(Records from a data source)
=== Begin Enclosure ===
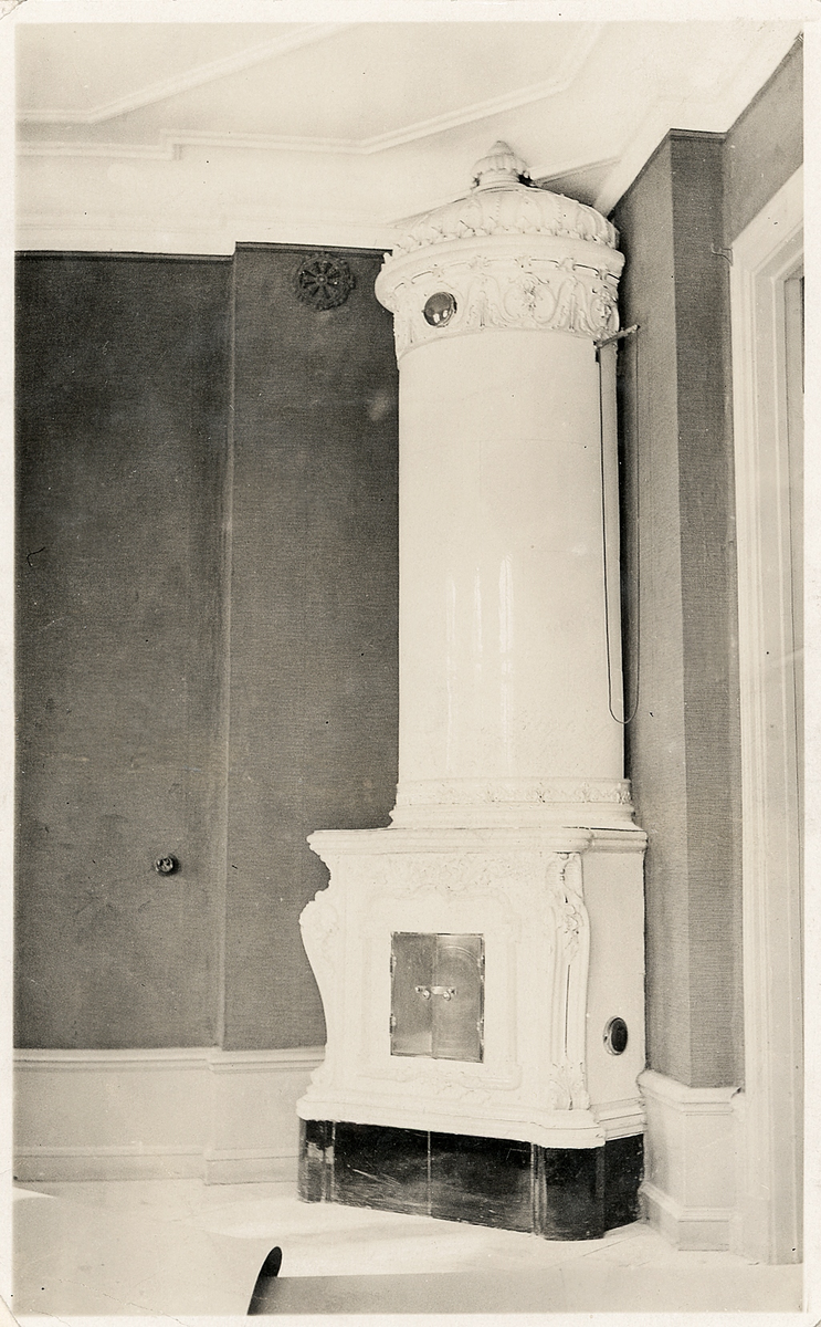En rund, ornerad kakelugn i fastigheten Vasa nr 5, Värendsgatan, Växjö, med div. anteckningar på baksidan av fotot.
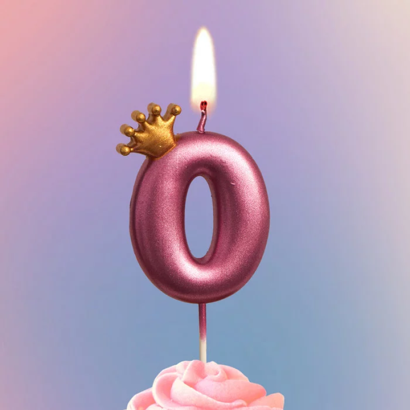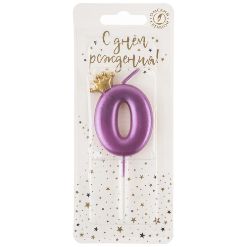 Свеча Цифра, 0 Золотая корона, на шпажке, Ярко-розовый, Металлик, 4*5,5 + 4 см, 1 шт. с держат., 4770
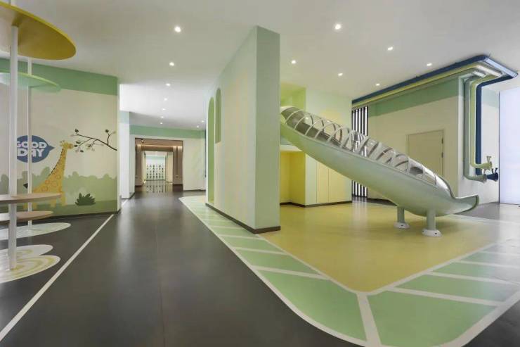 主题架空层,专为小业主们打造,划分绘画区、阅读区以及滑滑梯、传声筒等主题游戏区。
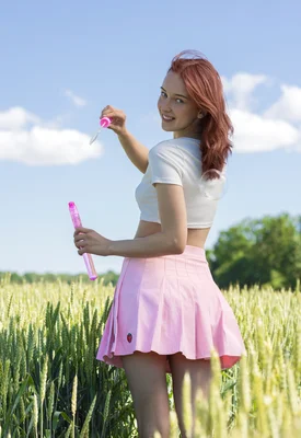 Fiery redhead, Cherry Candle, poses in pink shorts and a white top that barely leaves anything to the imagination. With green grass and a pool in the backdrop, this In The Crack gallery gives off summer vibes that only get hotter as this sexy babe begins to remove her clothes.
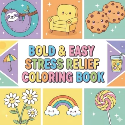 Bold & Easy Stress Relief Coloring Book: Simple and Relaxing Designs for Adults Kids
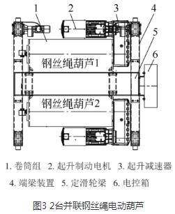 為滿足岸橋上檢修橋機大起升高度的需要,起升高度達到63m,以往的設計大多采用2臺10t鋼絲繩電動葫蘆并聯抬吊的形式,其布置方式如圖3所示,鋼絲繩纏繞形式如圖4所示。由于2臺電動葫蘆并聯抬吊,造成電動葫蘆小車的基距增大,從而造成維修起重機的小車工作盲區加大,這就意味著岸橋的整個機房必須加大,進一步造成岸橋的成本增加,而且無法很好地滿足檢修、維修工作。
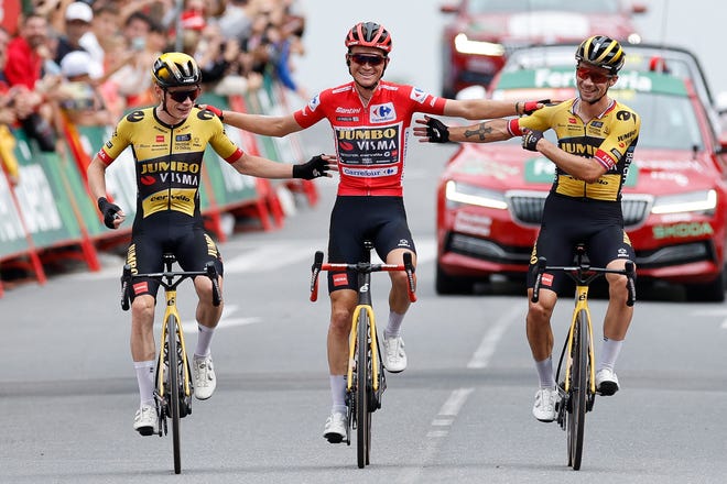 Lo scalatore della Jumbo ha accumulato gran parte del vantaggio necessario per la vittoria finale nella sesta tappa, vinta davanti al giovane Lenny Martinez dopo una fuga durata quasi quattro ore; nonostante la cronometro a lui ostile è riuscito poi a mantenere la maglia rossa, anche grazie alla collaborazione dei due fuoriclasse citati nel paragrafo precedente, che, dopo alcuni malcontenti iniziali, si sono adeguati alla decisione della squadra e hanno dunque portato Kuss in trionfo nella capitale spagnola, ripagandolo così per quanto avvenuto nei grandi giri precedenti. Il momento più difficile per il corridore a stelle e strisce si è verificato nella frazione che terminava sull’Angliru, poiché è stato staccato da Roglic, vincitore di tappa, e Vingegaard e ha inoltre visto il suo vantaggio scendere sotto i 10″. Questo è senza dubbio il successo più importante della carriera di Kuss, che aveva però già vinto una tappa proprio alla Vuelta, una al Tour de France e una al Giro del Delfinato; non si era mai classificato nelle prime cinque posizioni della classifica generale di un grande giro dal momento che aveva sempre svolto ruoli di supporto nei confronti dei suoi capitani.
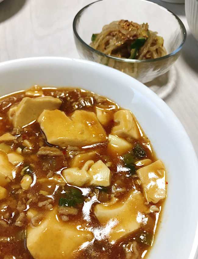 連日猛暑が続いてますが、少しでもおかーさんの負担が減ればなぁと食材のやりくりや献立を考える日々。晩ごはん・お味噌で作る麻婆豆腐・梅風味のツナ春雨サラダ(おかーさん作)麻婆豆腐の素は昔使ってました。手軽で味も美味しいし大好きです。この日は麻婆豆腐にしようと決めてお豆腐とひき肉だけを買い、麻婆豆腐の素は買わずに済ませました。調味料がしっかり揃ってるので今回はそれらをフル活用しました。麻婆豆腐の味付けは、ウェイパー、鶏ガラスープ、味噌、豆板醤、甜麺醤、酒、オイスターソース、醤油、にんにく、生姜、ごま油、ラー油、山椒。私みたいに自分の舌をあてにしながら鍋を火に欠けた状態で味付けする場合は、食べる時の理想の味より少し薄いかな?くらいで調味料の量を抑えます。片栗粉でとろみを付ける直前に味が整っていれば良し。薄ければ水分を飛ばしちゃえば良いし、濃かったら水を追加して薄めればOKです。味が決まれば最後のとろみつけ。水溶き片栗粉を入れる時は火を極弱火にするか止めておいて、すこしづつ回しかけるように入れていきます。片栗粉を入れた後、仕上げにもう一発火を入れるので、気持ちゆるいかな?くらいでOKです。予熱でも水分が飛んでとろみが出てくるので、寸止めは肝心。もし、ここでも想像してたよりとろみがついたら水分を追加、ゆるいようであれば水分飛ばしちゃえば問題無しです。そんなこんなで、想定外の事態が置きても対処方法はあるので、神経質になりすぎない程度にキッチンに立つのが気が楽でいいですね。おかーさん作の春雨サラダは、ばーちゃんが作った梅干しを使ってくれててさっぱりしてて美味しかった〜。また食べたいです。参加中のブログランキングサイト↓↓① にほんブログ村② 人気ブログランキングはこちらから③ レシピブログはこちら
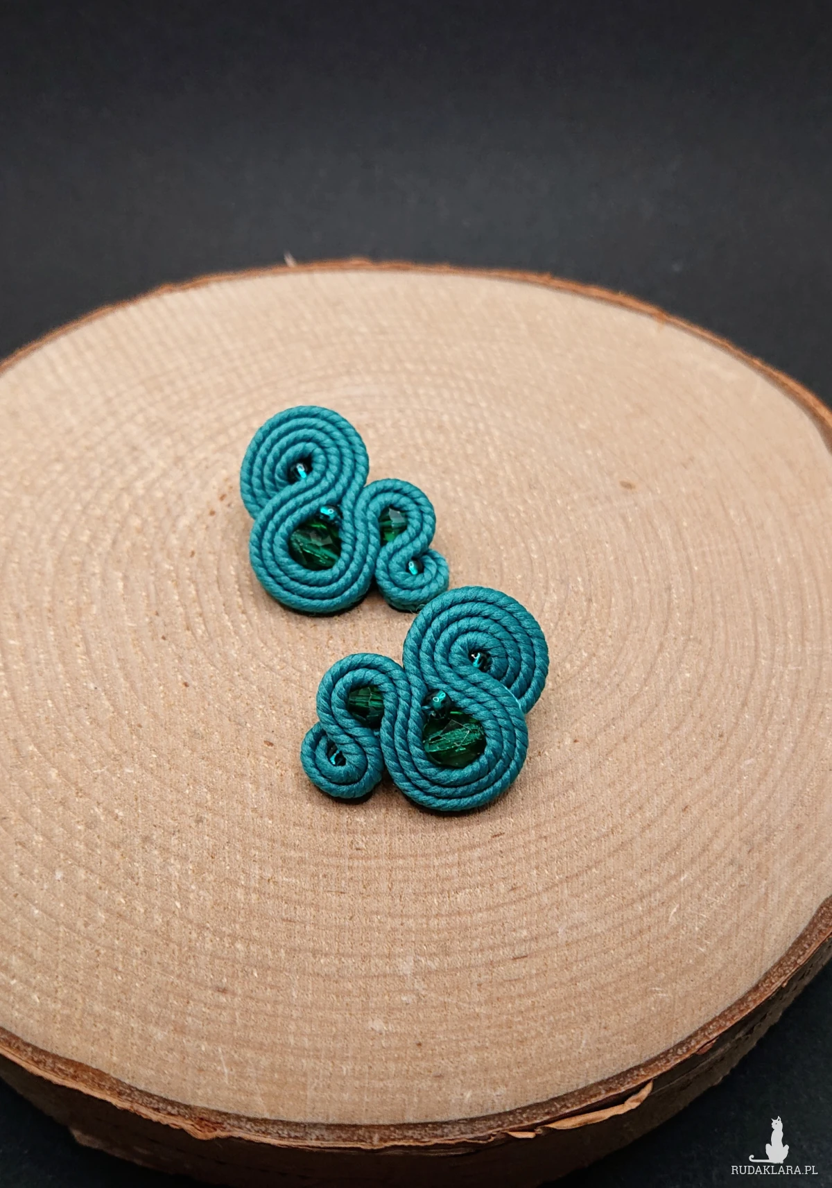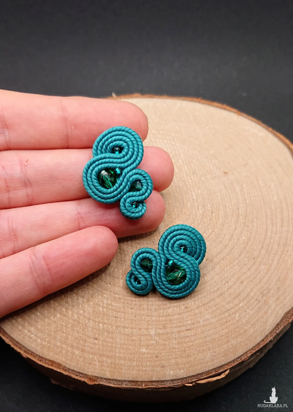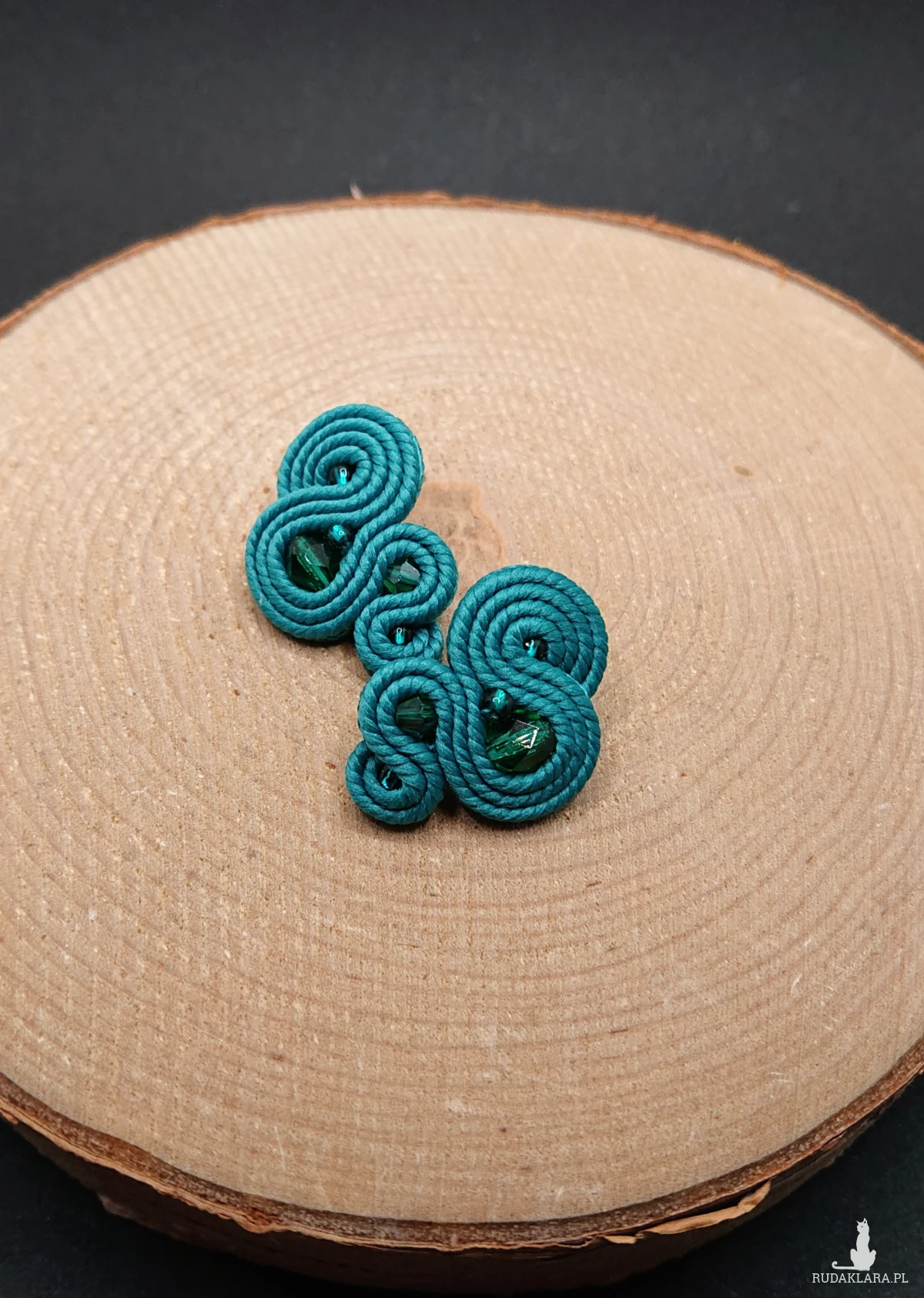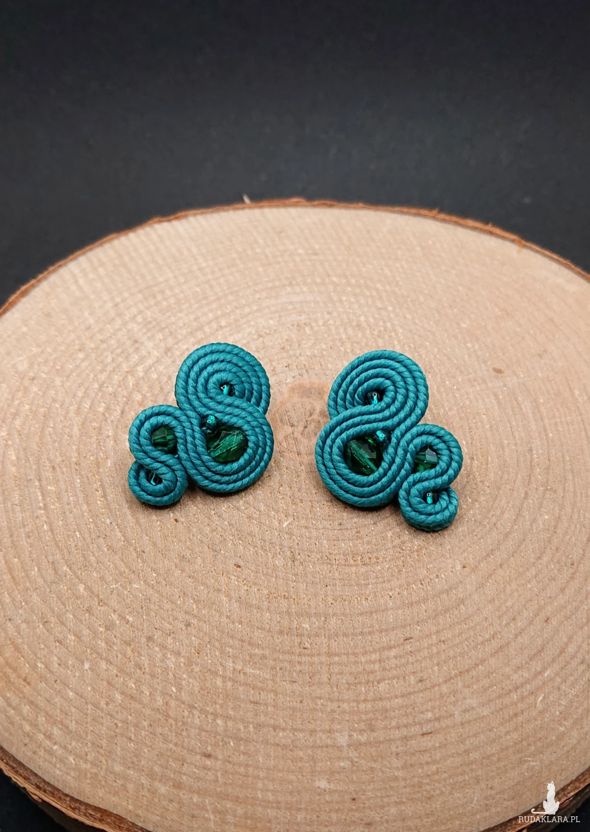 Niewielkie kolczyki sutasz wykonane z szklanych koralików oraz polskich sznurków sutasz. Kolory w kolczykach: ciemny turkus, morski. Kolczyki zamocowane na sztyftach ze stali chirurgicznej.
=== End Enclosure ===
• [WORK ORDER]: Quote the data above in full, leaving out the pictures it holds.

• [ANSWER BELOW]:
En rund, ornerad kakelugn i fastigheten Vasa nr 5, Värendsgatan, Växjö, med div. anteckningar på baksidan av fotot.
 Свеча Цифра, 0 Золотая корона, на шпажке, Ярко-розовый, Металлик, 4*5,5 + 4 см, 1 шт. с держат., 4770
 主题架空层,专为小业主们打造,划分绘画区、阅读区以及滑滑梯、传声筒等主题游戏区。
 Fiery redhead, Cherry Candle, poses in pink shorts and a white top that barely leaves anything to the imagination. With green grass and a pool in the backdrop, this In The Crack gallery gives off summer vibes that only get hotter as this sexy babe begins to remove her clothes.
 Bold & Easy Stress Relief Coloring Book: Simple and Relaxing Designs for Adults Kids
 為滿足岸橋上檢修橋機大起升高度的需要,起升高度達到63m,以往的設計大多采用2臺10t鋼絲繩電動葫蘆并聯抬吊的形式,其布置方式如圖3所示,鋼絲繩纏繞形式如圖4所示。由于2臺電動葫蘆并聯抬吊,造成電動葫蘆小車的基距增大,從而造成維修起重機的小車工作盲區加大,這就意味著岸橋的整個機房必須加大,進一步造成岸橋的成本增加,而且無法很好地滿足檢修、維修工作。
 Lo scalatore della Jumbo ha accumulato gran parte del vantaggio necessario per la vittoria finale nella sesta tappa, vinta davanti al giovane Lenny Martinez dopo una fuga durata quasi quattro ore; nonostante la cronometro a lui ostile è riuscito poi a mantenere la maglia rossa, anche grazie alla collaborazione dei due fuoriclasse citati nel paragrafo precedente, che, dopo alcuni malcontenti iniziali, si sono adeguati alla decisione della squadra e hanno dunque portato Kuss in trionfo nella capitale spagnola, ripagandolo così per quanto avvenuto nei grandi giri precedenti. Il momento più difficile per il corridore a stelle e strisce si è verificato nella frazione che terminava sull’Angliru, poiché è stato staccato da Roglic, vincitore di tappa, e Vingegaard e ha inoltre visto il suo vantaggio scendere sotto i 10″. Questo è senza dubbio il successo più importante della carriera di Kuss, che aveva però già vinto una tappa proprio alla Vuelta, una al Tour de France e una al Giro del Delfinato; non si era mai classificato nelle prime cinque posizioni della classifica generale di un grande giro dal momento che aveva sempre svolto ruoli di supporto nei confronti dei suoi capitani.
 連日猛暑が続いてますが、少しでもおかーさんの負担が減ればなぁと食材のやりくりや献立を考える日々。晩ごはん・お味噌で作る麻婆豆腐・梅風味のツナ春雨サラダ(おかーさん作)麻婆豆腐の素は昔使ってました。手軽で味も美味しいし大好きです。この日は麻婆豆腐にしようと決めてお豆腐とひき肉だけを買い、麻婆豆腐の素は買わずに済ませました。調味料がしっかり揃ってるので今回はそれらをフル活用しました。麻婆豆腐の味付けは、ウェイパー、鶏ガラスープ、味噌、豆板醤、甜麺醤、酒、オイスターソース、醤油、にんにく、生姜、ごま油、ラー油、山椒。私みたいに自分の舌をあてにしながら鍋を火に欠けた状態で味付けする場合は、食べる時の理想の味より少し薄いかな?くらいで調味料の量を抑えます。片栗粉でとろみを付ける直前に味が整っていれば良し。薄ければ水分を飛ばしちゃえば良いし、濃かったら水を追加して薄めればOKです。味が決まれば最後のとろみつけ。水溶き片栗粉を入れる時は火を極弱火にするか止めておいて、すこしづつ回しかけるように入れていきます。片栗粉を入れた後、仕上げにもう一発火を入れるので、気持ちゆるいかな?くらいでOKです。予熱でも水分が飛んでとろみが出てくるので、寸止めは肝心。もし、ここでも想像してたよりとろみがついたら水分を追加、ゆるいようであれば水分飛ばしちゃえば問題無しです。そんなこんなで、想定外の事態が置きても対処方法はあるので、神経質になりすぎない程度にキッチンに立つのが気が楽でいいですね。おかーさん作の春雨サラダは、ばーちゃんが作った梅干しを使ってくれててさっぱりしてて美味しかった〜。また食べたいです。参加中のブログランキングサイト↓↓① にほんブログ村② 人気ブログランキングはこちらから③ レシピブログはこちら
 Niewielkie kolczyki sutasz wykonane z szklanych koralików oraz polskich sznurków sutasz. Kolory w kolczykach: ciemny turkus, morski. Kolczyki zamocowane na sztyftach ze stali chirurgicznej.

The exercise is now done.